I fell in love with French in high school. My instructor was a Nigerian tribal princess, so she had a very emphatic style of teaching. I fell in love with her class and subsequently the language. I knew since I was pursuing a Bachelor of Arts degree, I had to take a foreign language. It was a no-brainer that I’d take French. Dr. Jensen and Dr. Alexander scheduled a meeting with me about majoring in French because they believed I learned the language easily and spoke it well. We made it happen.”

Student Spotlights:

Amira Alashi

Class of 2024

Bachelor of Arts in Sociology

  1. Where are you from? This is always fun for me to answer because there is a long answer and a short answer. Long answer is that I am a Palestinian born in Iraq who then moved to the United Arab Emirates when I was 2 and then finally to the U.S. when I was 10. The short answer is that I am from Evansville! 
  2. What brought you to USI? I knew I wanted to stay at home for my undergrad, and USI gave me the change I needed while staying in Evansville. I went to a small high school, so USI gave me the bigger campus feel while maintaining a classroom size that ensures strong relationships with my professors and classmates. That, along with the BMD scholarship, gave USI everything I could have asked for in a university.
  3. What major/minor did you pick and why? I am a sociology and Spanish double major on the pre-medicine track. While I love biology and the natural sciences, undergrad was my last chance to study something outside of that. My advisor signed me up for SOC 121 during my first semester at USI, and I immediately fell in love. Even though I didn’t know its name, sociology had always been my passion. As for Spanish, I wanted to maintain and grow what I had learned in high school.
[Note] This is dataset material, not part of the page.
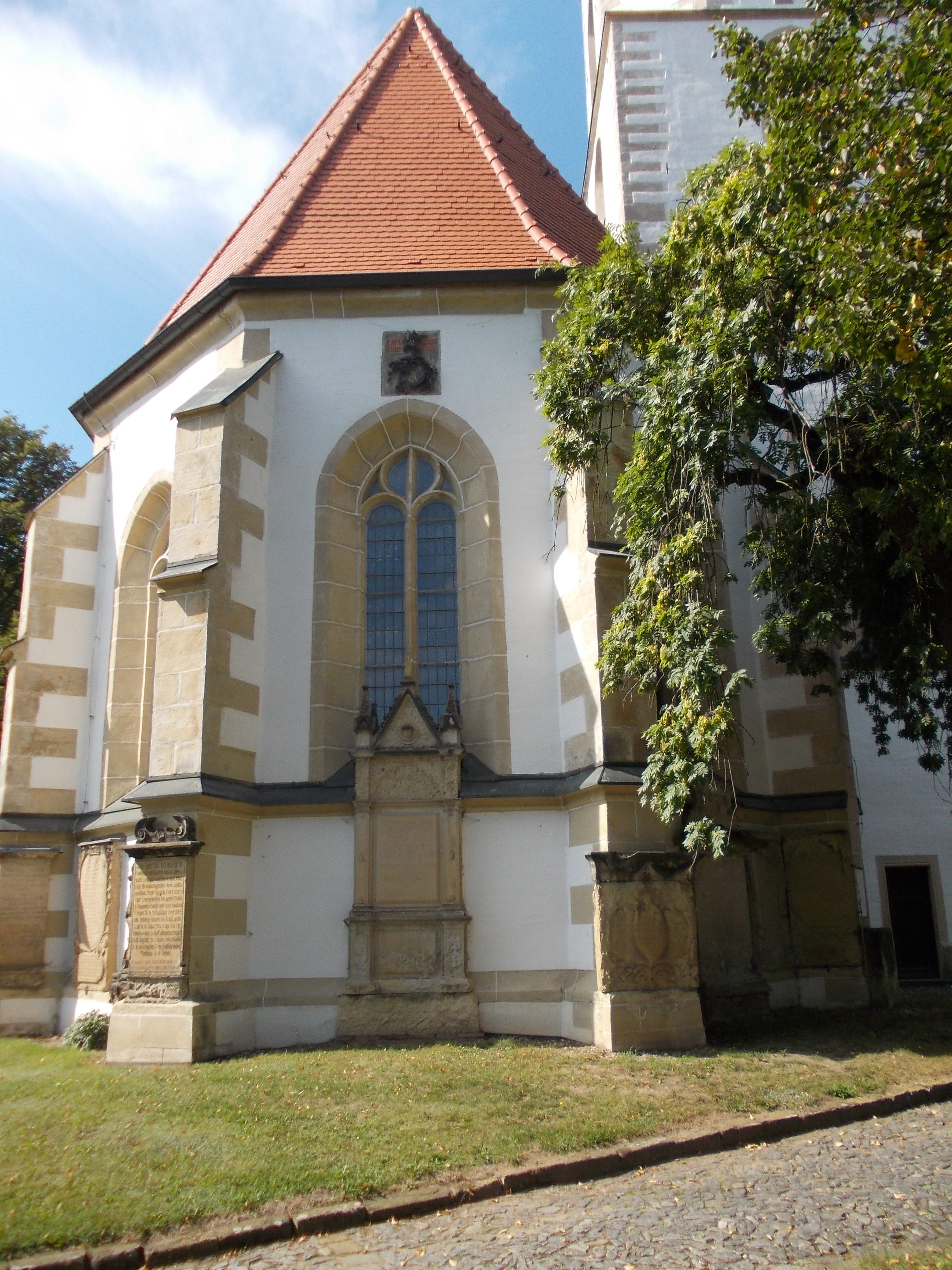 The church of the town of Strehla (Meissen district, Saxony)

With the proficiency I have gained at USI, I hope that I can communicate with more of my patients and make them feel seen and heard.
  4. What clubs or extracurricular activities have you participated in? It was a bit challenging for me to join campus clubs as a commuter student during the pandemic, but I knew that I wanted to join College Mentors for Kids (CMFK). Halfway through my fourth year in CMFK, I am so happy I dedicated my time to it. It has been so rewarding to form relationships with elementary schoolers alongside my fellow mentors. While I wish I could have joined more extracurriculars, I would not trade CMFK for anything else.
  5. What has been your favorite part of USI or your coursework? It took me some time to narrow down what my favorite part has been, but if I had to choose, I would say my friends, both old and new. I cannot imagine going through biochemistry and other classes without my friends. I constantly look back on late night study sessions at the library as we tried to fit chapters worth of information into our brains. I loved exchanging schedules to find any overlapping gaps to eat lunch together and spontaneous coffee runs right before class. I would not have experienced that without USI, and I will always value that. 
  6. Did someone at USI make an impact on your future? I have been so lucky to have three advisors that have immensely helped me during my time at USI. Dr. Sparks-Thissen, Dr. Buck and Dr. Champagne paved the way for my acceptance to med school, and I will forever be grateful for them.
  7. What made you want to go to IU School of Medicine? While many factors have gone into my decision to go to IU School of Medicine (IUSM), the main one is my family. I know that I cannot go through medical school without them, so I wanted to stay home. Luckily, IUSM expanded to Evansville, so I knew that I would get one of the best medical educations available while staying home. Our high school provided tours of the IUSM campus when the Stone Center first opened, and from that moment I could imagine myself as a student there. Sometimes, you can feel where you belong, and that is how IUSM has always felt for me.
  8. What advice would you give to incoming USI students? My biggest piece of advice is to do what you love. I know it sounds very cheesy, but it makes a world of difference when you are studying something that actually interests you. Find a way to make your interest a minor or even a major so that it can fuel you throughout undergrad. College is already hard enough, and cutting out your interests will make it even harder. Having sociology and Spanish classes sprinkled throughout my semesters gave me the motivation I needed to complete my pre-medicine prerequisites. If I could go back, I would not do anything differently.
  9. Anything else you would like to include? I hope my experience can encourage other pre-medicine students to venture into different majors. I truly believe that having people from different educational backgrounds in medical school will yield well-rounded physicians with unique approaches to medicine.

              Audrey Fox

              Class of 2023

              Bachelor of Arts in World Languages and Cultures Teaching Major- French

              Aix-en-Provence, France Spring Semester 2023: "I studied abroad in Aix-en-Provence, France for my Spring Semester in 2023. Because this program is designed to teach French to international students, I was simultaneously able to learn from a French-native and professional, while also meeting and practicing the language with people from all over the world. All my classes were in French and focused on strengthening my language level and knowledge of the culture. Additionally, I had many opportunities to travel throughout Europe during my semester! In total, I visited five different countries and ten cities in France. This opportunity was so unique and transformed my outlook on the world and culture as a whole." 
              Accra, Ghana Summer 2023: "I was also blessed to take a University trip to the coast of Ghana with a few other students and some University staff and mentors. This trip was nothing short of life changing. We learned so much about African history and how it is still impacting our world today. We were also immersed in the culture of Ghana through food, song, dance, and in conversation with Ghanaian students and educators. Another aspect of this trip I really cherish was the incredible bonding that happened with our mentors and the other students on the trip. As a whole, this experience is not one that I take lightly, and will forever have an impact on my mind and heart."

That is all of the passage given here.